**Supplied entries:**

================================

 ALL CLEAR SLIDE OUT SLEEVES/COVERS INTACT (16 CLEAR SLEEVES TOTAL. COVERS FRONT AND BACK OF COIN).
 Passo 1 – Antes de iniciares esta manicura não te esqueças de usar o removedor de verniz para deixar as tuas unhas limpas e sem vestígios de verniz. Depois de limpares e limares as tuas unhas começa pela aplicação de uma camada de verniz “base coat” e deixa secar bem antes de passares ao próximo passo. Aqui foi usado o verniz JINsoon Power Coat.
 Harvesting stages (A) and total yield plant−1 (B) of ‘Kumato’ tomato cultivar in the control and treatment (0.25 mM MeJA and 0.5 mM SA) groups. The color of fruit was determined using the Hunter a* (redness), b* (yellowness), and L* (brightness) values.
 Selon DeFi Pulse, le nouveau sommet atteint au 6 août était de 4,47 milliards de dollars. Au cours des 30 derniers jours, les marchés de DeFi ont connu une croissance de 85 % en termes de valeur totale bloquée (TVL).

================================

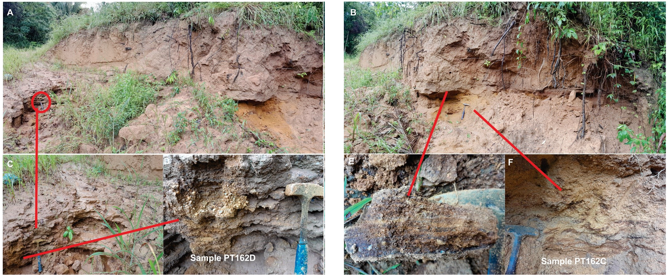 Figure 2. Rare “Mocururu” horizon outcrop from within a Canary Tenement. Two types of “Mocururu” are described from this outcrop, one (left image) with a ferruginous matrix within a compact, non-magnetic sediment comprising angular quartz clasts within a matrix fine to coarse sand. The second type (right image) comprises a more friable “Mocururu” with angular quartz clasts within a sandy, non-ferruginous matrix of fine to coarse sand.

================================

Within the listing above, give again exactly every line from the line with "ALL CLEAR SLIDE" through the line with "Selon DeFi Pulse, le", both included, and no other line.

 ALL CLEAR SLIDE OUT SLEEVES/COVERS INTACT (16 CLEAR SLEEVES TOTAL. COVERS FRONT AND BACK OF COIN).
 Passo 1 – Antes de iniciares esta manicura não te esqueças de usar o removedor de verniz para deixar as tuas unhas limpas e sem vestígios de verniz. Depois de limpares e limares as tuas unhas começa pela aplicação de uma camada de verniz “base coat” e deixa secar bem antes de passares ao próximo passo. Aqui foi usado o verniz JINsoon Power Coat.
 Harvesting stages (A) and total yield plant−1 (B) of ‘Kumato’ tomato cultivar in the control and treatment (0.25 mM MeJA and 0.5 mM SA) groups. The color of fruit was determined using the Hunter a* (redness), b* (yellowness), and L* (brightness) values.
 Selon DeFi Pulse, le nouveau sommet atteint au 6 août était de 4,47 milliards de dollars. Au cours des 30 derniers jours, les marchés de DeFi ont connu une croissance de 85 % en termes de valeur totale bloquée (TVL).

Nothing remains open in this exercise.